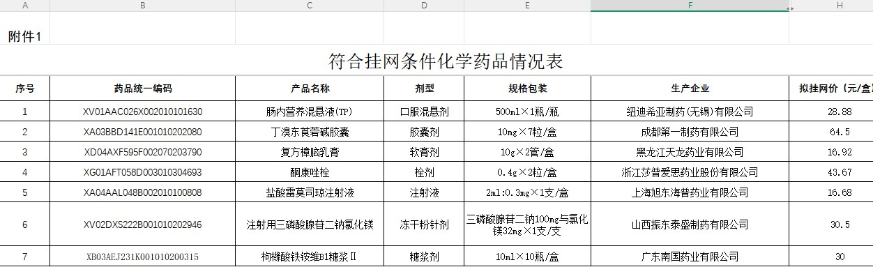 河北省2026年4月化学药品新申报符合挂网药品表
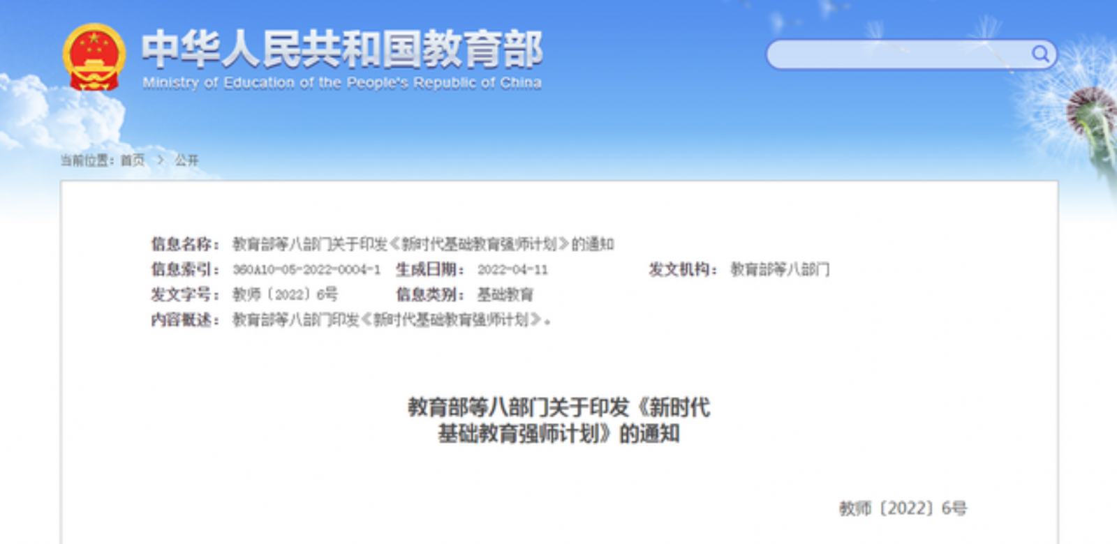 為了著力推動教師教育振興發(fā)展,努力造就新時代高素質專業(yè)化創(chuàng)新型中小學(含幼兒園、特殊教育,下同)教師隊伍,為加快實現(xiàn)基礎教育現(xiàn)代化提供強有力的師資保障,2022年4月,教育部等八部門關于印發(fā)《新時代基礎教育強師計劃》的通知。
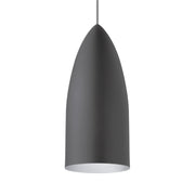 Inspired by vintage automobile styling of the 1940s, spun metal shades with rubberized paint create a flawlessly smooth look that also offers an unexpected metallic texture and color when viewed from below.
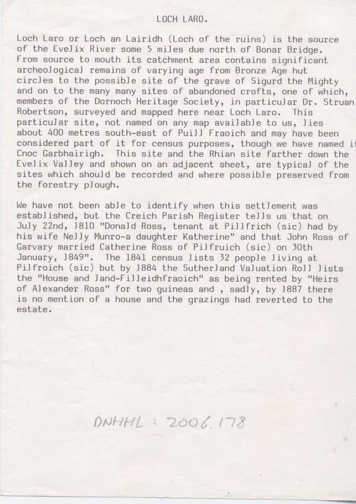 A3 photocopies of two 6 inch to 1 mile maps dated 1907 and 1874 showing the changes that had taken place in settlement in the Loch Laro area (source of the Evelix River), plus a sketch of a grain drying kiln. Further A4 photocopy of a description of the site by G J Douglas and Jane Durham, dated 1986-7. Photocopy of an A5 page typed 'record card' for the site with an accompanying letter on headed paper 'The Royal Commission on the Ancient and Historical Monuments of Scotland' dated 2:11:1988, to Jimmy Bell signed by Graham Douglas
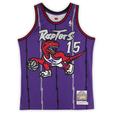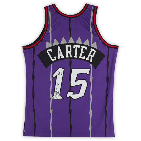 Vince Carter Autographed/Inscribed "HOF 24" Toronto Raptors Mitchell & Ness Purple 1998-99 Authentic Jersey FanaticsThis jersey has been personally hand-signed by Vince Carter with the added inscription "HOF 24." It is officially licensed by the National Basketball Association and comes with an individually numbered, tamper-evident hologram from Fanatics Authentic. To ensure authenticity, the hologram can be reviewed online. This process helps to ensure that the product purchased is authentic and eliminates any possibility of duplication or fraud. Fanatics Authentic Presented by Mounted Memories Includes tamper-evident hologram to ensure authenticity Officially licensed This product is guaranteed authentic and includes a Fanatics Certificate of Authenticity and an accompanying tamper-evident Fanatics Hologram.

────────────────────

> _Task to carry out_
Word for word, restate all of the records. Exclude the pictures.

> _Your response_
 河北省2026年4月化学药品新申报符合挂网药品表
 為了著力推動教師教育振興發(fā)展,努力造就新時代高素質專業(yè)化創(chuàng)新型中小學(含幼兒園、特殊教育,下同)教師隊伍,為加快實現(xiàn)基礎教育現(xiàn)代化提供強有力的師資保障,2022年4月,教育部等八部門關于印發(fā)《新時代基礎教育強師計劃》的通知。
 Inspired by vintage automobile styling of the 1940s, spun metal shades with rubberized paint create a flawlessly smooth look that also offers an unexpected metallic texture and color when viewed from below.
 A3 photocopies of two 6 inch to 1 mile maps dated 1907 and 1874 showing the changes that had taken place in settlement in the Loch Laro area (source of the Evelix River), plus a sketch of a grain drying kiln. Further A4 photocopy of a description of the site by G J Douglas and Jane Durham, dated 1986-7. Photocopy of an A5 page typed 'record card' for the site with an accompanying letter on headed paper 'The Royal Commission on the Ancient and Historical Monuments of Scotland' dated 2:11:1988, to Jimmy Bell signed by Graham Douglas
 Vince Carter Autographed/Inscribed "HOF 24" Toronto Raptors Mitchell & Ness Purple 1998-99 Authentic Jersey FanaticsThis jersey has been personally hand-signed by Vince Carter with the added inscription "HOF 24." It is officially licensed by the National Basketball Association and comes with an individually numbered, tamper-evident hologram from Fanatics Authentic. To ensure authenticity, the hologram can be reviewed online. This process helps to ensure that the product purchased is authentic and eliminates any possibility of duplication or fraud. Fanatics Authentic Presented by Mounted Memories Includes tamper-evident hologram to ensure authenticity Officially licensed This product is guaranteed authentic and includes a Fanatics Certificate of Authenticity and an accompanying tamper-evident Fanatics Hologram.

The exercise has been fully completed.